Wound balls typically have either a solid rubber or liquid center core around which many yards of a tensioned elastomeric material are wound and are covered with a durable cover material such as ionomer or polyurethane. Wound balls are generally softer and provide more spin than do solid golf balls. This enables a skilled golfer to have better control over ball flight. Particularly, with approach shots into the green, the high spin rate of soft, wound balls enables the golfer to stop the ball very near its landing position.
The design and technology of golf balls has advanced to the point that the United States Golf Association has instituted a rule prohibiting the use of any golf ball, in a USGA sanctioned event, that can achieve an initial velocity of greater than 255 ft/s when struck by an implement having a velocity of 143 ft/s (referred to hereinafter as “the USGA test”).
Manufacturers place a great deal of emphasis on producing golf balls that consistently achieve the highest possible velocity in the USGA test without exceeding the limit, which are available with a range of different properties and characteristics, such as velocity, spin, and compression. Thus, a variety of different balls are available to meet the needs and desires of a wide range of golfers.
Regardless of the construction of the ball, players generally seek a golf ball that delivers maximum distance, which requires a high initial velocity upon impact. Therefore, in an effort to meet the demands of the marketplace, manufacturers strive to produce golf balls with high initial velocities.
As a result, golf ball manufacturers are continually searching for new ways in which to provide golf balls that deliver the maximum performance for golfers at all skill levels, and seek to discover compositions that provide the performance of a high compression ball with lower compression.
The physical characteristics of a golf ball are determined by the combined properties of the core, any intermediate layers, and the cover. These, in turn, are determined by the chemical compositions of each. The composition of some balls will provide for increased distance. Other compositions provide for improved spin. Manufacturers are constantly looking to develop the ideal materials. Thermoplastic polyurethane ureas for example, have been examined for their innate ability to provide material having very high tensile strengths, which is a very desired property in the make-up of a golf ball.
Polycarbonate-urethane elastomers (PCUE) are thermoplastic in nature. That is, they can be processed by methods that involve melting or dissolving the polymer to “re-shape it.” The molecular structure of PCUEs generally consists of alternating high-melting “hard” urethane segments and liquid-like “soft” segments. Hard segments are almost always the reaction product of an aromatic or aliphatic diisocyanate and a low molecular weight, chain-extending dialcohol or diol. Soft segments are usually synthesized from (polyether or polycarbonate) polyols with terminal hydroxyl (—OH) groups. The hydroxyl creates a urethane group, while the reaction between isocyanates and existing urethane groups will form allophanate groups that can produce minor amounts of covalent cross-linking. When a PCUE is heated, the hydrogen-bonded hard segments and any allophanate cross-links, both of which hold the polymer together at its use temperature, dissociate to allow the polymer to melt and flow. Dissolution in a polar solvent can also disrupt the hydrogen bonds that hold together the hard segments on adjacent chains. Once these virtual cross-links are broken, the polymer can be fabricated into golf balls. Upon cooling or solvent evaporation, the hard segments de-mix from the soft segments to re-associate by hydrogen bonding. This restores the original mechanical properties of the PCUE.

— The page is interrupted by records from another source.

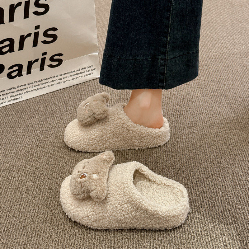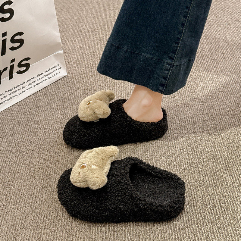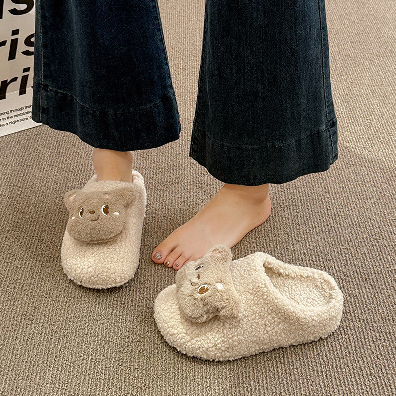 可爱小熊毛毛拖鞋 冬季 保暖厚底居家勃肯懒人棉拖鞋 女包头外穿新款
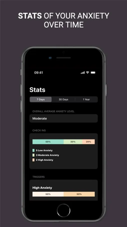Anxiety Tracker & Log allows you to track your anxiety over time using check ins when you are feeling anxious. You can record a moment of low, moderate or high anxiety along with the associated triggers and symptoms you are experiencing. You can add a note for extra context. You can add as many check ins each day as necessary and then view the stats to see a breakdown of your overall anxiety level across the selected time period. You can also view a breakdown by number and percentage of your recorded anxiety levels to allow you to see what kind of anxiety you are experiencing in general.
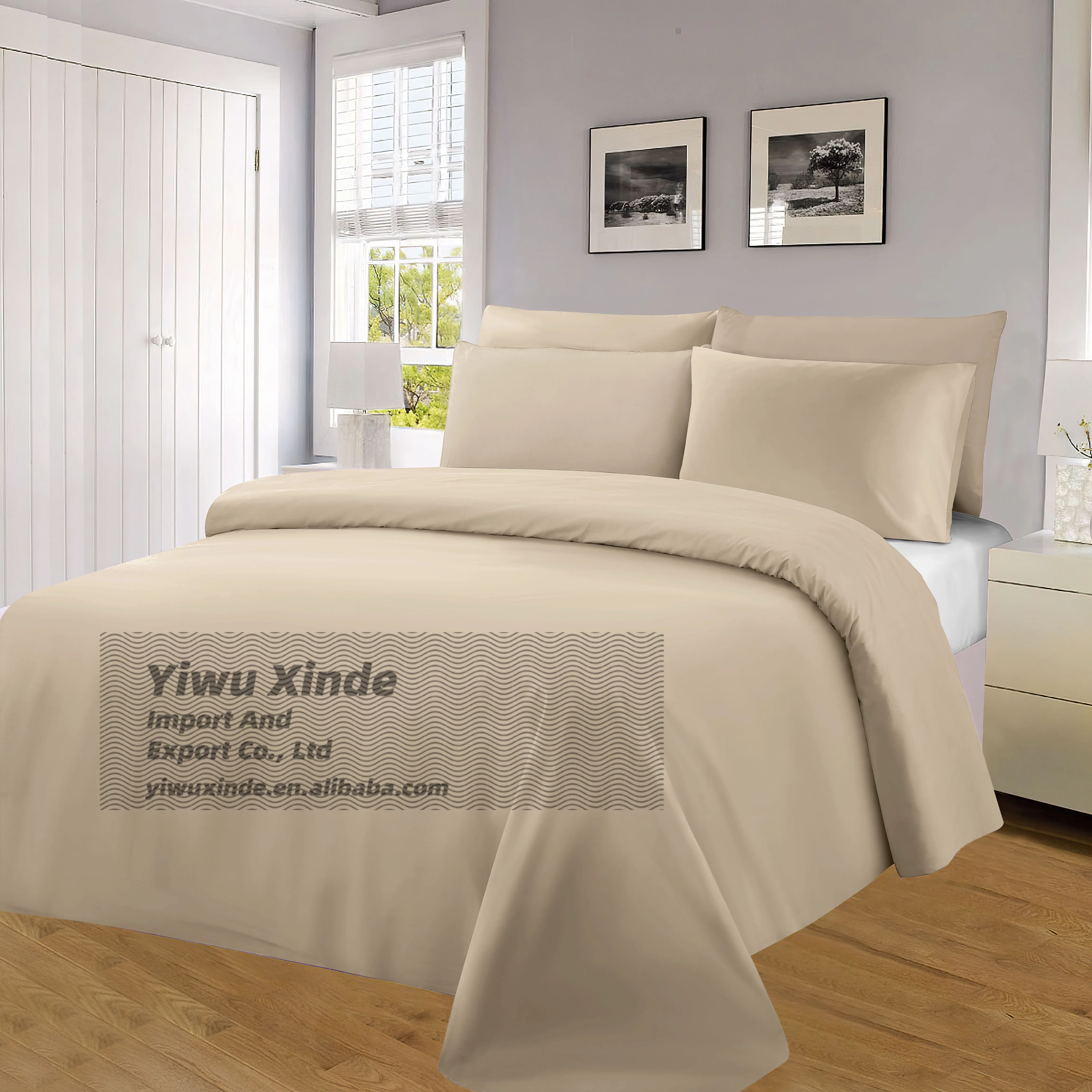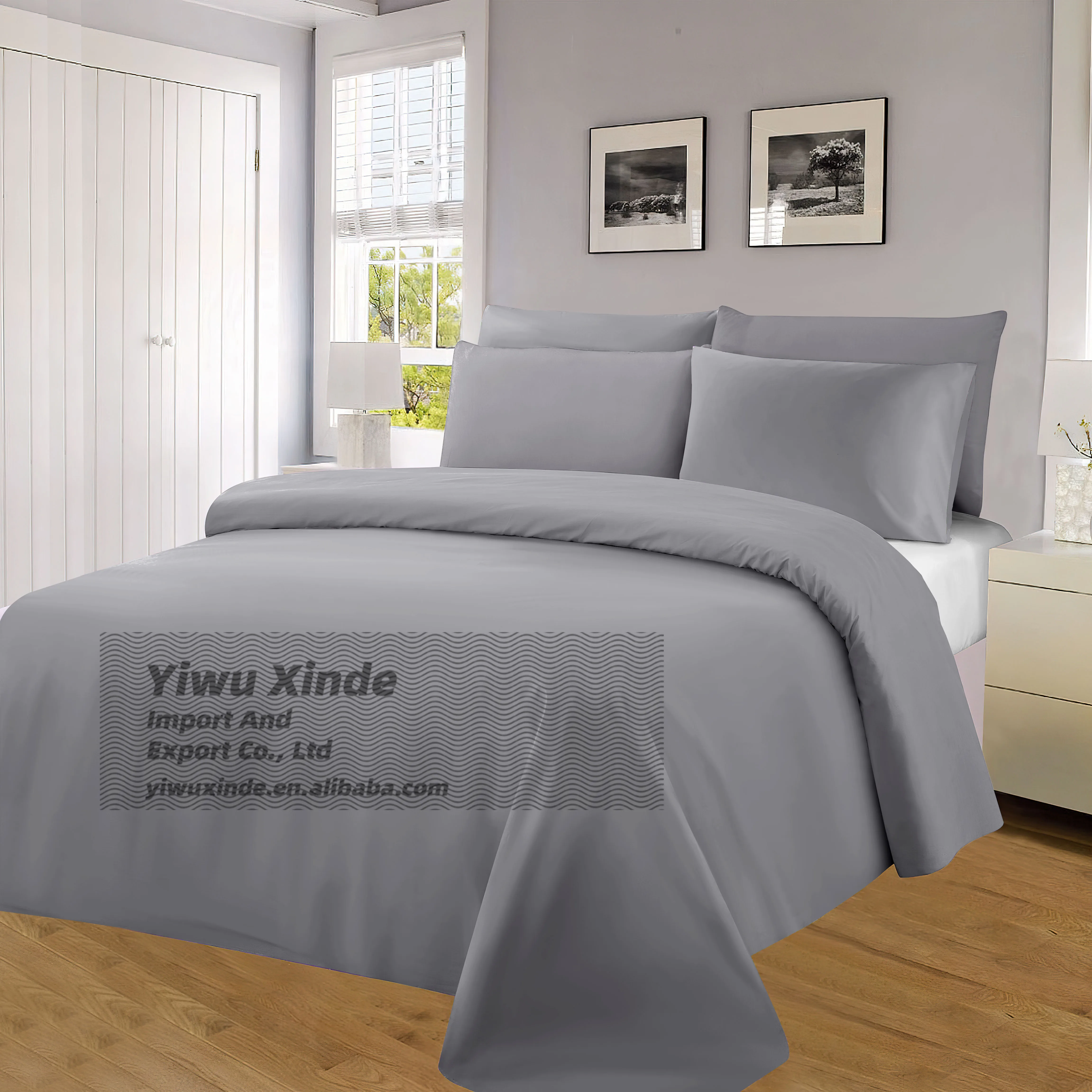 100% Bamboo Fiber Woven Modern Solid Color Bedding Set Super King Size Includes Flat Bed Sheet Fitted Duvet Cover
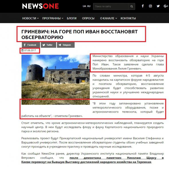 7 серпня 2017 Гриневич заявила, що в обсерваторії на горі Піп Іван встановлять нове метеорологічне обладнання.
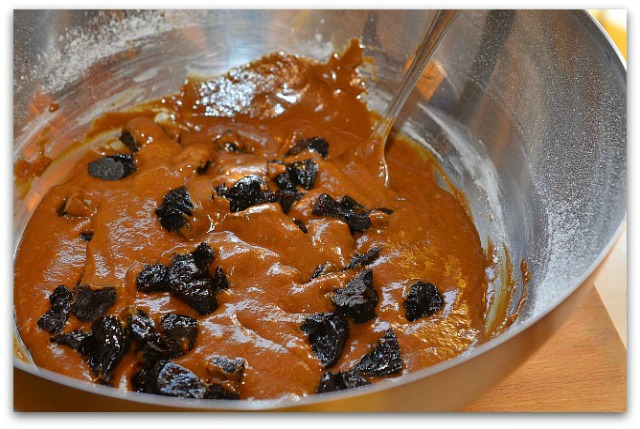 5. Добавляем в тесто нарезанный чернослив. Перемешиваем.
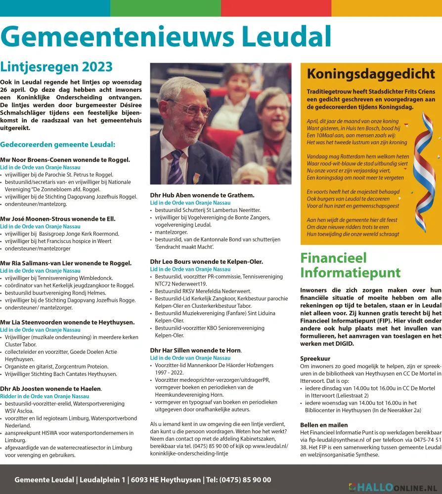 U vindt o.a. de maandelijks informatie, officiële bekendmakingen en nieuwsberichten in HALLO Magazine en op HALLO Magazine Online.nl
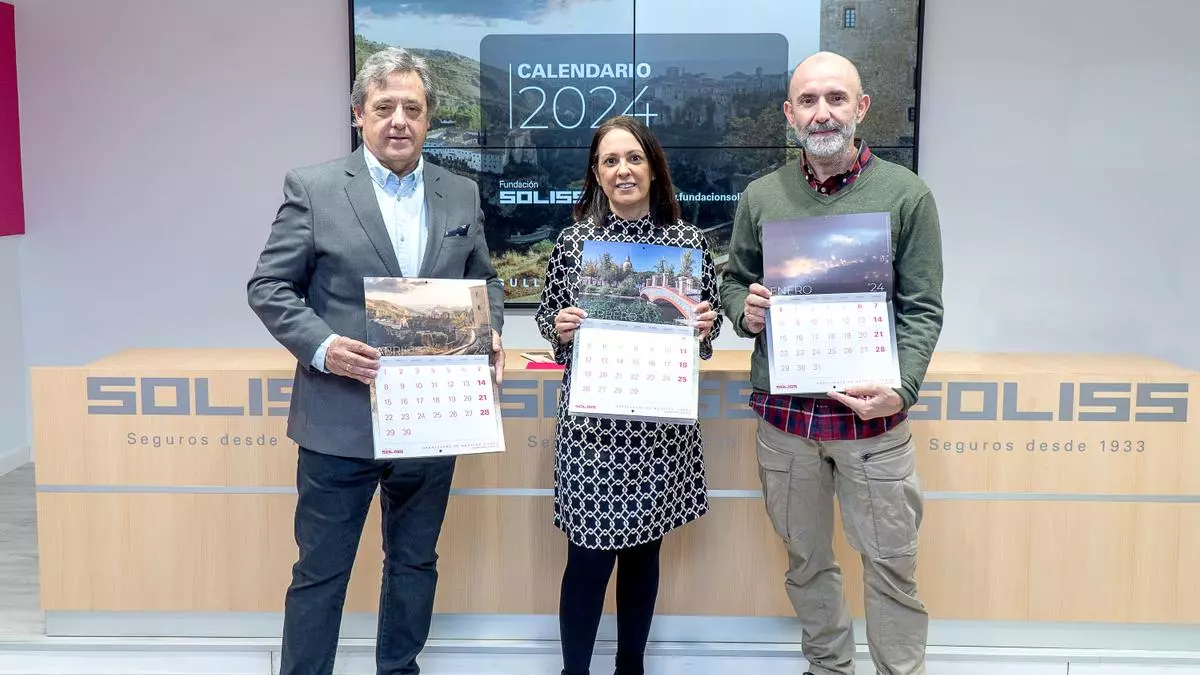 La sede central de Soliss ha acogido el acto protocolario de renovación del acuerdo de colaboración entre Fundación Soliss y Futucam y se ha presentado el nuevo calendario solidario 2024 de Soliss. Al acto han acudido la gerente de Futucam, Carmen de la Llave; el director de Fundación Soliss, César Duro; y Javier Vivar, que ha sido el fotógrafo encargado de realizar las 12 fotos finalistas.
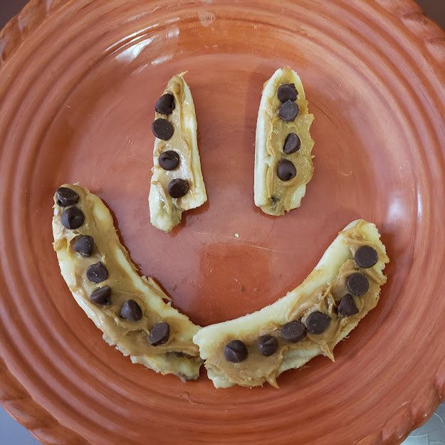 Cut a banana in half (long ways) then smother with peanut butter and chocolate chips!

While conventional polyether and polycarbonate TPUs have high elongation and tensile strength, they also exhibit fairly high moduli. Therefore, there exists a need for a golf ball comprising a thermoplastic polycarbonate elastomer having improved golf ball performance. Therefore, by varying the hard segment of a PCUE during synthesis, a whole family of polymers of related chemistry can be produced having a wide range of hardness, modulus, tensile-strength properties and elongation.